Sun Kui, Shi Rongchao, Yu Xinxin, Wang Ying, Zhang Wei, Yang Xiaoxia, Zhang Mei, Wang Jian, Jiang Shu, Li Haiou, Kang Bing, Li Tong, Zhao Shuying, Ai Yu, Qiu Jianfeng, Wang Haiyan, Wang Ximing
Department of General Surgery, Peking University Third Hospital, Beijing, China.
Department of Radiology, Beijing Friendship Hospital, Capital Medical University, Beijing, 100050, China.
Sci Rep. 2025 Jan 30;15(1):3743. doi: 10.1038/s41598-025-88016-1.
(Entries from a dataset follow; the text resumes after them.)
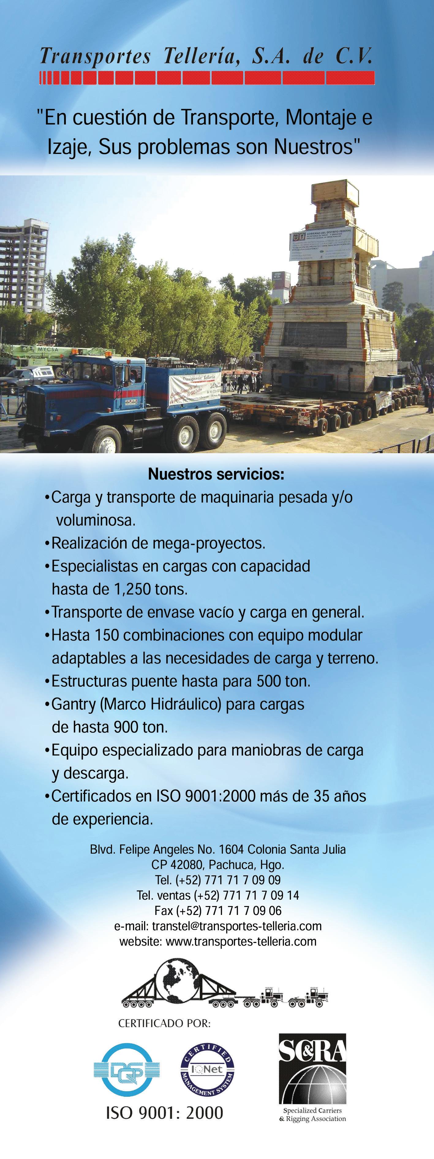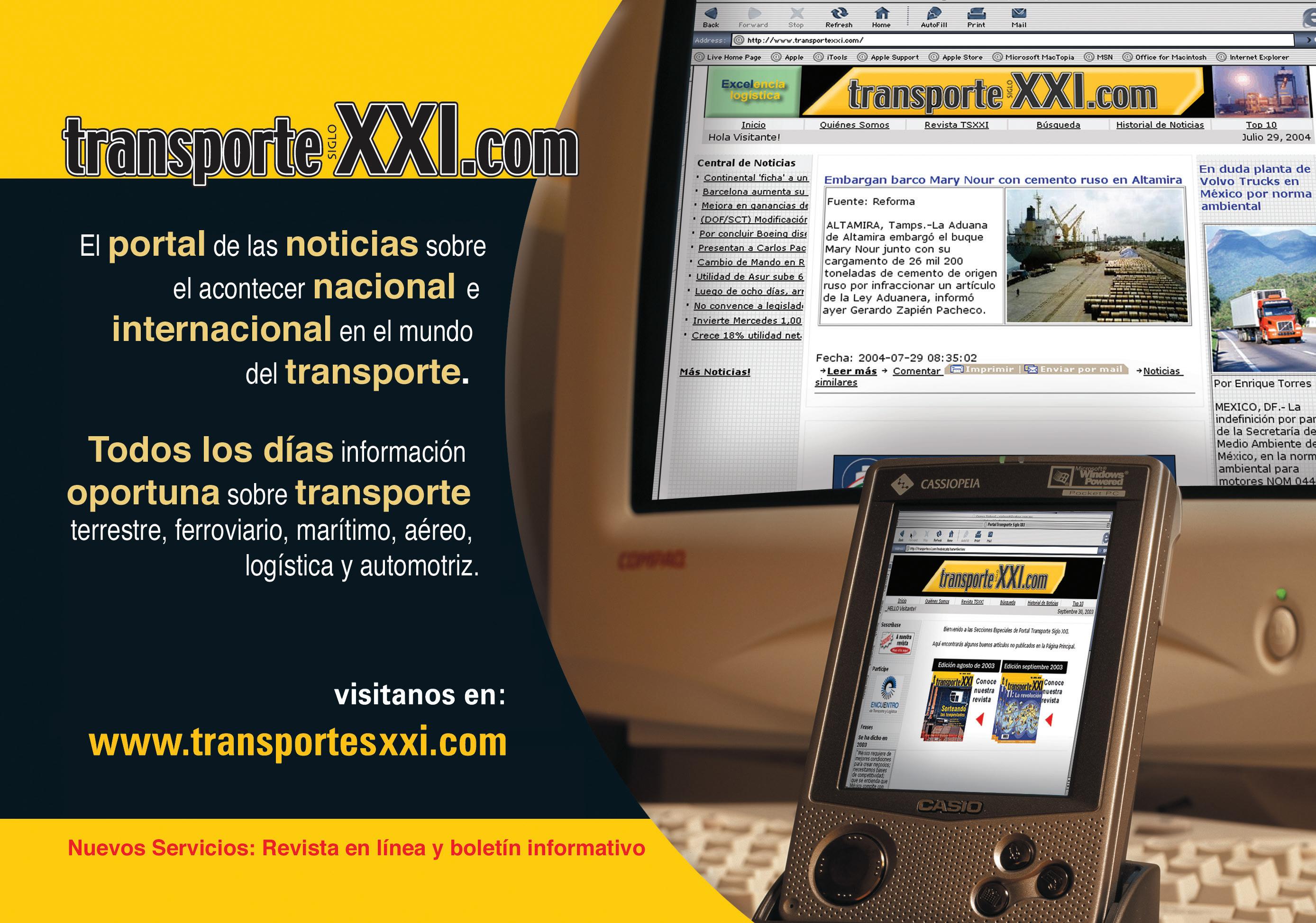 Transporte Siglo XXI es una publicación mensual editada por Grupo Comercial XXI, S.A. de C.V. Editor responsable: Osiel I. Cruz Pacheco. Registrada ante la Dirección General de Derechos de Autor de la Secretaría de Educación Pública, con el Certificado de Reserva de Derechos al uso exclusivo del titulo No.: 04-2000-020109433300-102. Certificado de Licitud de Titulo 11466 EXP. 1/432 "00"/ 14971 y Certificado de Licitud de Contenido 8053 EXP. 1/432 "00"/14971 Registro ISSN 1665-0239. Distribuida en México por Grupo Comercial XXI , S.A. de C.V. y por SEPOMEX. Tiraje 7000 ejemplares. TODOS LOS DERECHOS RESERVADOS. Prohibida la reproducción parcial o total sin el permiso expreso de los editores. Los artículos firmados son responsabilidad absoluta de los autores y no reflejan la posición de los editores. Pre-prensa e Impresión: Peche Impresiones, Quetzalcóatl 48, Col. Tlaxpana C.P. 11320 Delegación Miguel Hidalgo, México D.F. Tels.: 5705 7350, 5705 0204 y 5705 4946
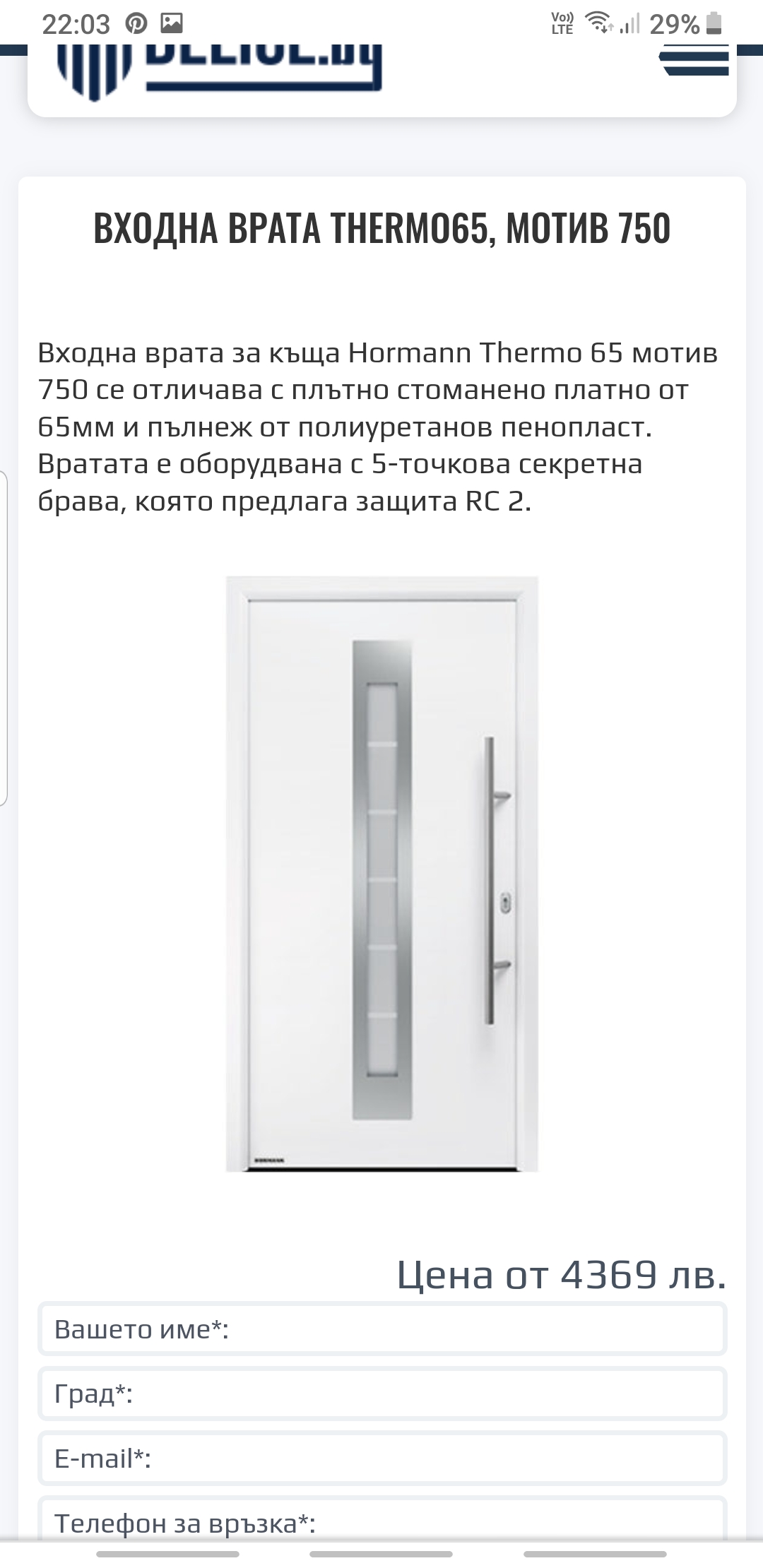 Мислих да не задълбавам, ама ме зачопли, каква точно врата поиска за оферта от хьорман ? Моята е Исопро Мотив 700 (термо 65 демек)
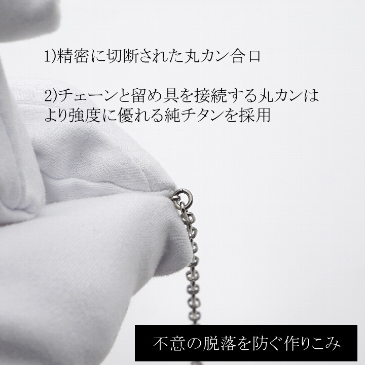 チェーンと留め具をつなぐ丸カンは、より強度に優れたφ0.8mm純チタン2種材を使用。 鋭利な刃物でシャープに切断された合口により切断面をきちんと合わせる事が可能となり、 予期せぬ口開きによるチェーンの脱落を防ぎます。オプションで接続丸カンの溶接施工も可能(+1000円税別)
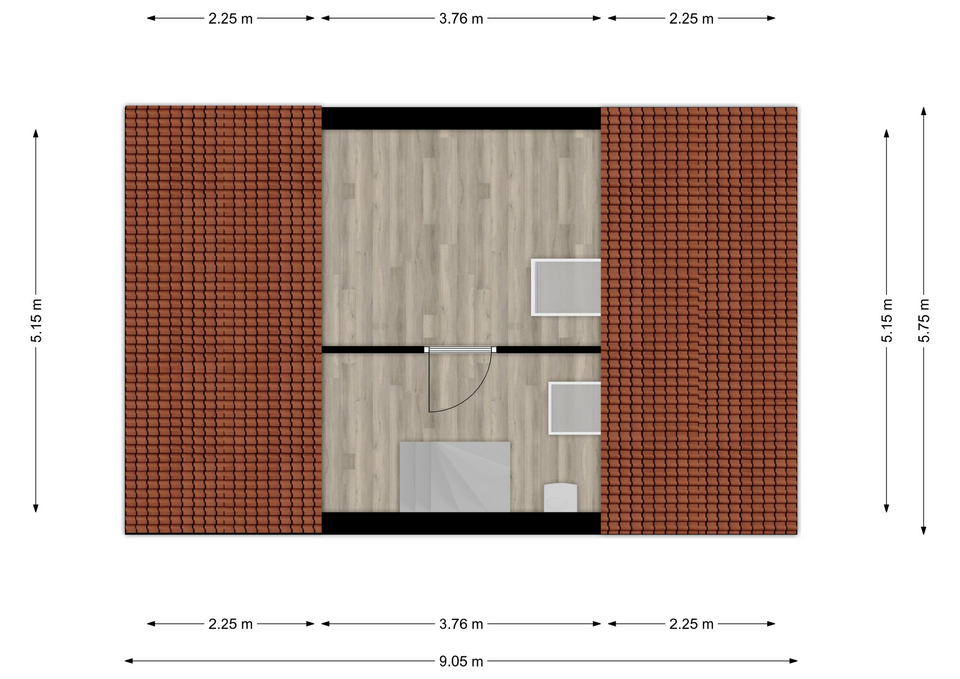 Indeling: Begane grond: Entree, hal met toilet, woonkamer en halfopen keuken Eerste verdieping: Overloop, twee slaapkamers en badkamer met ligbad, toilet en wastafel Tweede verdieping: Overloop en één slaapkamer
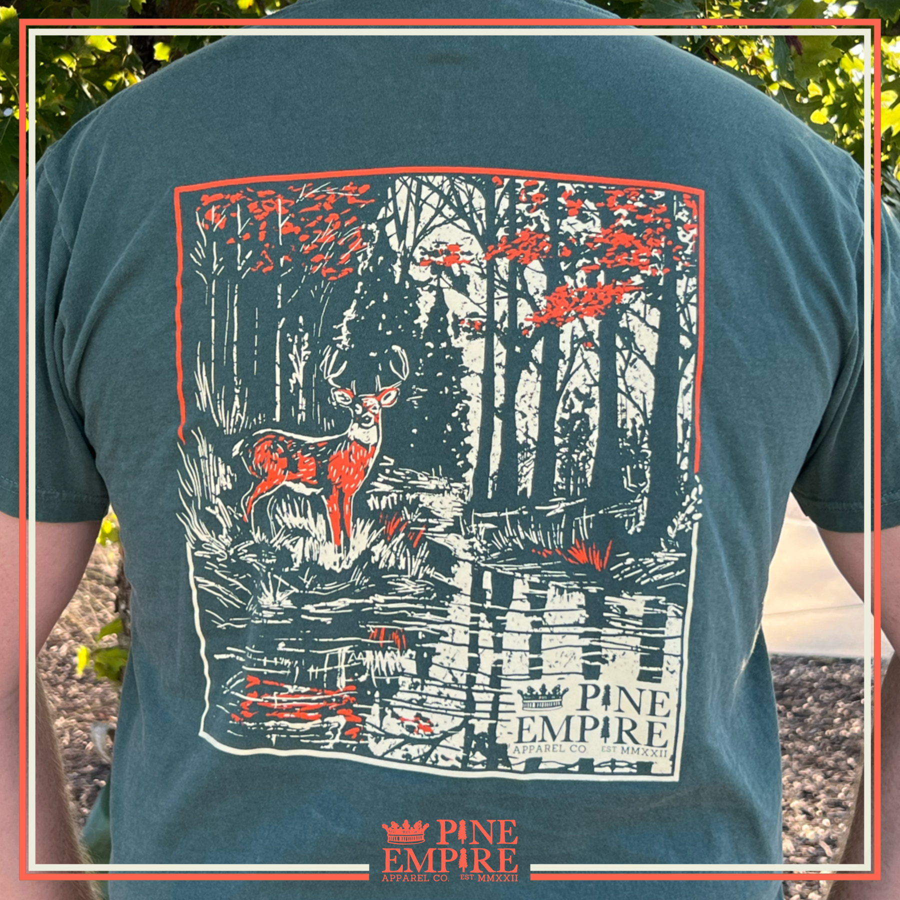 “Stag & Stream” is a nod to the covers of the old hunting magazines your grandpa or dad subscribed to. Can you think of anything more picturesque than a majestic buck standing as still by a stream in the middle of autumn?
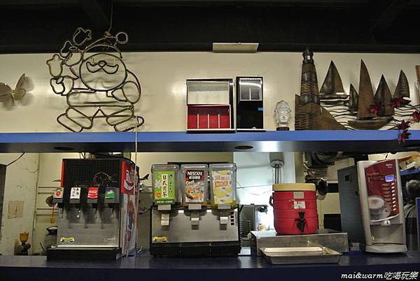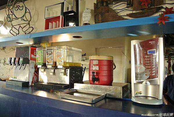 一來到店內看到吧台上有很多自助式的飲料

To develop and validate non-contrast computed tomography (NCCT)-based radiomics method combines machine learning (ML) to investigate invisible microscopic acute ischaemic stroke (AIS) lesions. We retrospectively analyzed 1122 patients from August 2015 to July 2022, whose were later confirmed AIS by diffusion-weighted imaging (DWI). However, receiving a negative result was reported by radiologists according to the NCCT images. Patients in five institutions (n = 592) were combined to generate training and internal validation sets, remaining in three institutions as external validation sets (n = 204, 53 and 273). Through a series of procedures: head alignment, co-registration of NCCT and DWI, the volume of interest delineation and feature extraction. Multiple ML models (random forest, RF; support vector machine, SVM; logistic regression, LR; multilayer perceptron, MLP) were used to discriminate microscopic AIS and non-AIS. Among 1122 patients included (760 men [67.7%]; median [range] age, 64 [21-96] years). After least absolute shrinkage and selection operator (LASSO) algorithm, 44 optimal features were remained. The radiomics combined ML models were yielded similar mean areas under the receiver operating characteristic curve of 0.808 (95% CI 0.754 to 0.861) for RF, 0.802 (95% CI 0.748 to 0.856) for radial basis kernel function-based SVM, 0.792 (95% CI 0.737 to 0.847) for MLP, 0.792 (95% CI 0.736 to 0.848) for Linear-SVM and 0.787 (95% CI 0.730 to 0.844) for LR, respectively. Combining radiomics with ML models can be an efficient, noninvasive, economical, and reliable technique for evaluating invisible microscopic AIS on NCCT and assisting radiologists to make clinical decisions.
开发并验证基于非增强计算机断层扫描(NCCT)的放射组学方法,结合机器学习(ML)来研究隐匿性微观急性缺血性卒中(AIS)病变。我们回顾性分析了2015年8月至2022年7月的1122例患者,这些患者后来通过扩散加权成像(DWI)确诊为AIS。然而,放射科医生根据NCCT图像报告结果为阴性。来自五个机构的患者(n = 592)被合并以生成训练集和内部验证集,其余来自三个机构的患者作为外部验证集(n = 204、53和273)。通过一系列步骤:头部对齐、NCCT和DWI的配准、感兴趣区勾画和特征提取。使用多种ML模型(随机森林,RF;支持向量机,SVM;逻辑回归,LR;多层感知器,MLP)来区分微观AIS和非AIS。纳入的1122例患者中(760例男性[67.7%];年龄中位数[范围]为64[21 - 96]岁)。经过最小绝对收缩和选择算子(LASSO)算法后,保留了44个最佳特征。放射组学结合ML模型在接受者操作特征曲线下的平均面积相似,RF为0.808(95%CI 0.754至0.861),基于径向基核函数的SVM为0.802(95%CI 0.748至0.856),MLP为0.792(95%CI 0.737至0.847),线性SVM为0.792(95%CI 0.736至0.848),LR为0.787(95%CI 0.730至0.844)。将放射组学与ML模型相结合可以成为一种有效、无创、经济且可靠的技术,用于在NCCT上评估隐匿性微观AIS并协助放射科医生做出临床决策。